The Russians face a very different problem. They are a colossus with feet of clay and they know it. There are fundamental weaknesses with the size, shape and demography of the Russian Federation. It’s not that a weak Russia will disappear from the map; it’s that it could shrink to becoming just a third-rate European power, shorn of its Asian domain, shattered across the steppes of the European plain.

This is a big reason why Putin is not a second Hitler. Hitler took power in a nation state that can dominate Europe. Even today, Germany does so peacefully. Russia is not nearly as strong. It hasn’t the economic or political strength to hold Europe in its orbit. Putin can’t remake Russia through endless wars of aggression; it would crack apart at the seams.

The best security for the Russian Federation is twofold: a vast nuclear arsenal and being seen as a great power. The former guarantees its physical security from outside invasion, the latter gives it leverage to pursue vital interests both inside Russia and overseas. Nobody dared arm the Chechens for fear of stirring the Russian nuclear bear, yet the reality is, a determined enemy in the 1990s could well have done so and really knocked a few more teeth from Moscow.

The Russians must have the stature to keep others from taking advantage of its obvious weaknesses. They also must have access to the markets needed to fuel the economy and keep their nuclear arsenal functioning. Nukes eventually go bad; someone may well someday find a way to shoot them down.
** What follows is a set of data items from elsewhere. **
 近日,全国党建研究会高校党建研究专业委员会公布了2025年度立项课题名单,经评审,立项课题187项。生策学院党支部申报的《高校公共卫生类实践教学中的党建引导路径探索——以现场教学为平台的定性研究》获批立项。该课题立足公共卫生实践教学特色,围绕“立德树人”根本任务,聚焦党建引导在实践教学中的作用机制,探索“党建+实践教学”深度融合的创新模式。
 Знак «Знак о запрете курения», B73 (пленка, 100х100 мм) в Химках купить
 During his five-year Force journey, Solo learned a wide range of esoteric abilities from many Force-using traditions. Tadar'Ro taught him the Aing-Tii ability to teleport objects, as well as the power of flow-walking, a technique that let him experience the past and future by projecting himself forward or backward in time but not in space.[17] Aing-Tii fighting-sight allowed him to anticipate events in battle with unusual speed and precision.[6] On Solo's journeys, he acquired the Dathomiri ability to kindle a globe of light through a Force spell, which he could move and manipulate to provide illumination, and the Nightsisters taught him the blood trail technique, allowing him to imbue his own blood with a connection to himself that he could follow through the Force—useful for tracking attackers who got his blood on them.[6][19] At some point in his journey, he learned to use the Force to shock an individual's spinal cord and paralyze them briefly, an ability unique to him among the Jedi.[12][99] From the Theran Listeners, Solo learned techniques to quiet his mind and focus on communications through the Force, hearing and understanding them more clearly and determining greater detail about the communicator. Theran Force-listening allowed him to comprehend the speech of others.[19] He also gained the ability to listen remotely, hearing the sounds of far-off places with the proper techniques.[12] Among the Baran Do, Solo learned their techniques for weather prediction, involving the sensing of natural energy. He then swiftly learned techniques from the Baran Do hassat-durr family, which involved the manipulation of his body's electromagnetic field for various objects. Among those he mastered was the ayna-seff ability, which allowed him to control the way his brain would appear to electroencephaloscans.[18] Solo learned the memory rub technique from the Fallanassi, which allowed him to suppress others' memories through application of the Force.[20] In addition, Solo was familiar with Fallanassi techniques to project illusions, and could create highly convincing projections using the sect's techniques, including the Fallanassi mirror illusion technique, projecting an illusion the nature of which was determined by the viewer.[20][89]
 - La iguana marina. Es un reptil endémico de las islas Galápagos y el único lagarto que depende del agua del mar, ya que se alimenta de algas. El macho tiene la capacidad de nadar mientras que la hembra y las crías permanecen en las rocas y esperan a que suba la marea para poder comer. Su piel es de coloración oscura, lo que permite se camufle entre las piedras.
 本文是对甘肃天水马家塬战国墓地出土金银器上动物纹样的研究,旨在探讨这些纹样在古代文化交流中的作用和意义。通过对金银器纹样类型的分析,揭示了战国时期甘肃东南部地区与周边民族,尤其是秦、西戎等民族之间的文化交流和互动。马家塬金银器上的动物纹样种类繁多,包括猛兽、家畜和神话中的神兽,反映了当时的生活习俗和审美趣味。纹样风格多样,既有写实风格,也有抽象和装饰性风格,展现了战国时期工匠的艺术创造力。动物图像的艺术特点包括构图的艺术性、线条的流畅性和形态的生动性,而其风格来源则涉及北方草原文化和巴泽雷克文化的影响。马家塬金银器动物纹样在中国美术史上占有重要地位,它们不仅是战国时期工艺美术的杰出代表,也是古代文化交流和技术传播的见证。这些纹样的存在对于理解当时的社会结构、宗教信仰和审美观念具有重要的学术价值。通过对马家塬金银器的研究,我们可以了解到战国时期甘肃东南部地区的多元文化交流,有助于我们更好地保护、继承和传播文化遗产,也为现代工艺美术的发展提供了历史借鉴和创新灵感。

On both counts, Russia must have markets for its energy supplies and raw materials and must be able to get the advantageous deals needed to keep its economy going and its military technology advancing.

Syria is a strong step forward in that regard. It proves Russia can still get big things done. It will put pause to any quiet Chinese ambition to dominate its resource-rich Far East; it’ll still violent secessionists within the Federation and take the wind out of the sails of the democrats who, if allowed to take over too quickly, might well allow secession votes across Russia. It’ll also reassure allies in Central Asia, the Caucuses and in Belarus: when the chips are down, they needn’t accept whatever the West tells them.
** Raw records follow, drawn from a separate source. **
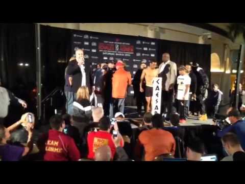 Atlantic City, NUEVA JERSEY – El carolinense Thomas Dulorme ( 20-1, 14 KO ) de Puerto Rico y Karim Mayfield ( 18-0-1 , 11 KO ) de California pesaron 139.8 y 139.6 libras respectivamente para su pelea de mañana por HBO que será por el título vacante de la NABF del CMB en las 140 libras, pero los ánimos se caldearon cuando ambos boxeadores posaron para las fotos del cara a cara. Mayfield pegó en dos ocasiones su boca en el pecho de Dulorme, quien en respuesta lo empujó y de inmediato, ambos peleadores se agarraron de cuellos, lo que causó un forcejeo en el entarimado con ambos equipos de trabajo separando a sus peleadores.
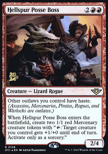 Hellspur Posse Boss [Outlaws of Thunder Junction Prerelease Promos]Set: Outlaws of Thunder Junction Prerelease Promos Type: Creature — Lizard Rogue Rarity: Rare ...
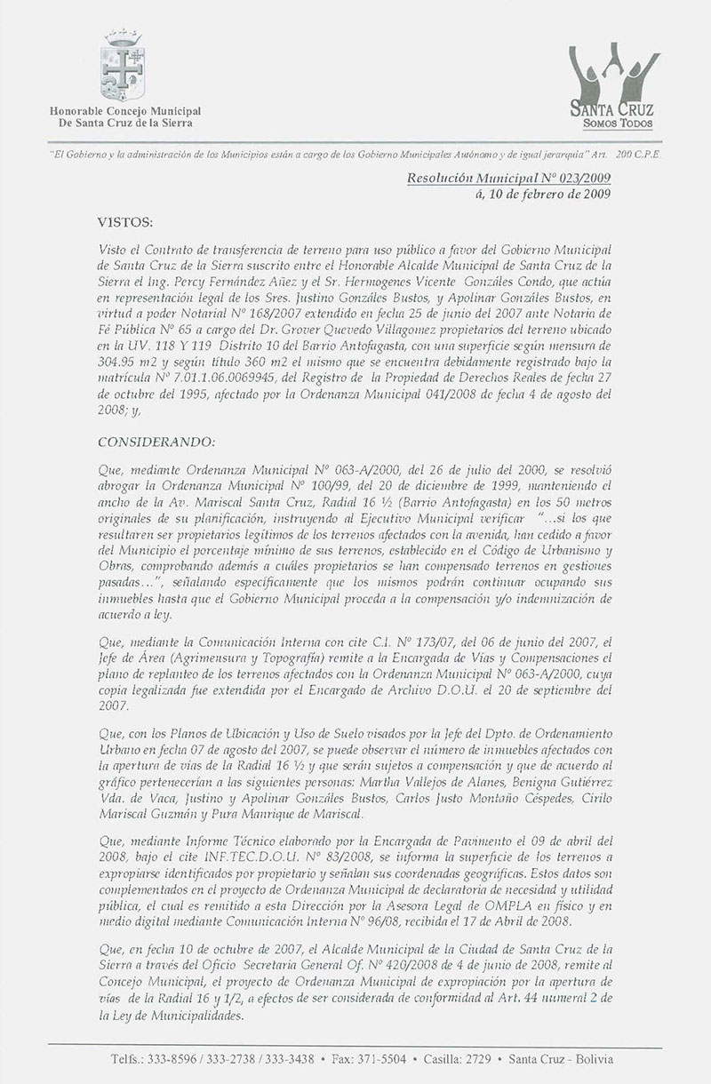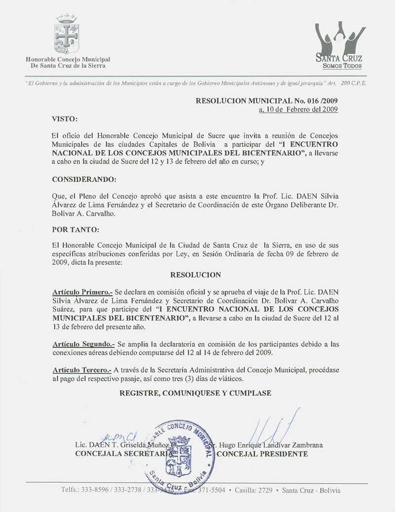 Resolución Municipal Nº 16-2009

It also turns a small corner on the relationship with the United States. Putin knows American policy isn’t disciplined. He doesn’t have an aggressive ideology that demands the Russian tricolor in Washington. He simply wants to keep Russia on the map as a great power (with all the privileges that pertains for himself and his inner circle). So he can ratchet down the conflict and take the heat off from the formidable American alliance system now bearing down on him.

To join together and kill a common enemy is exactly the kind of breathing space the Russians need. If Russia is to survive the twenty-first century, it cannot have a second full-on Cold War with the United States, especially in its rump state. Anything that lessens that possibility is a win for the Kremlin.

Regardless of what the Syrians do, American and Russian priorities are clearer than ever

Should the deal fail, it will invariably become a blame game. But the priorities are clear; America and Russia can live with a broken Syria, so long as it’s quiet.

This story first appeared at Geopolitics Made Super, September 14, 2016.